Material provided:
▼
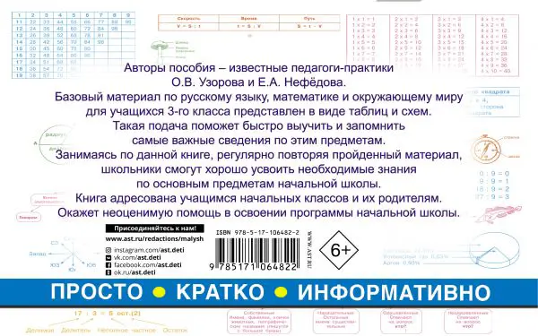 О чем эта книга Учебное пособие известных педагогов-практиков О. В. Узоровой и Е. А. Нефёдовой включает схемы и таблицы по русскому языку, математике и окружающему миру. Такая подача материала поможет школьникам быстро выучить и запомнить самые важные сведения по этим предметам. Кому эта книга будет интересна Школьникам начальных классов и их родителям. Каковы особенности этой книги • Весь материал представлен в виде таблиц и схем. • Регулярные повторения пройденного материала помогут школьнику усвоить необходимые знания по основным предметам. Книга адресована учащимся начальных классов и окажет неоценимую помощь в освоении программы начальной школы.
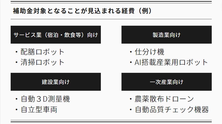 令和5年度補正予算の事業概要(PR資料)(経済産業省)によると、『IoT、ロボット等の人手不足解消に効果がある汎用製品を「カタログ」に掲載し、中小企業等が選択して導入できるようにする』とあります。
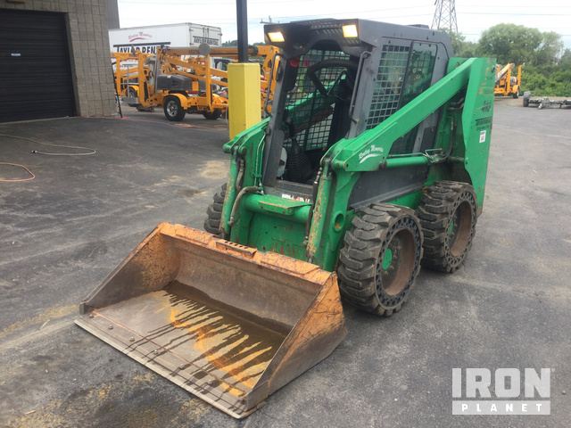 Enclosed Cab, Heater, Auxiliary Hydraulic Plumbing, Vertical Lift, Self Leveling, Solid Tires, Manual Coupler, 72" Wide General Purpose Smooth Edge Bucket, 46" Forks
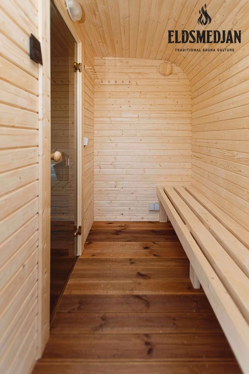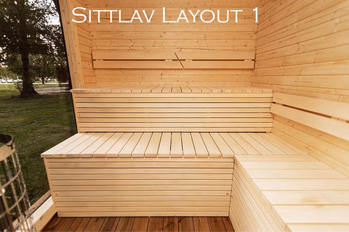 Sittplatserna är tillverkade av Asp, vilket inte blir varmt, spricker eller utsöndrar kåda. Ryggstöden på väggarna är perfekta för att hänga handdukar över och undvika fläckar. Bastun har ett beprövat system med glesat golv för dränering av vatten och luftintag för kaminen, vilket ger optimala förhållanden för bastubad.
▲
Exercise requirements: In the listing above, find the line with "令和5年度補正予算の事業概要" and output it and every line after it up to and including the line with "Enclosed Cab, Heater, Auxiliary", exactly, minus the pictures.

Answer space:
 令和5年度補正予算の事業概要(PR資料)(経済産業省)によると、『IoT、ロボット等の人手不足解消に効果がある汎用製品を「カタログ」に掲載し、中小企業等が選択して導入できるようにする』とあります。
 Enclosed Cab, Heater, Auxiliary Hydraulic Plumbing, Vertical Lift, Self Leveling, Solid Tires, Manual Coupler, 72" Wide General Purpose Smooth Edge Bucket, 46" Forks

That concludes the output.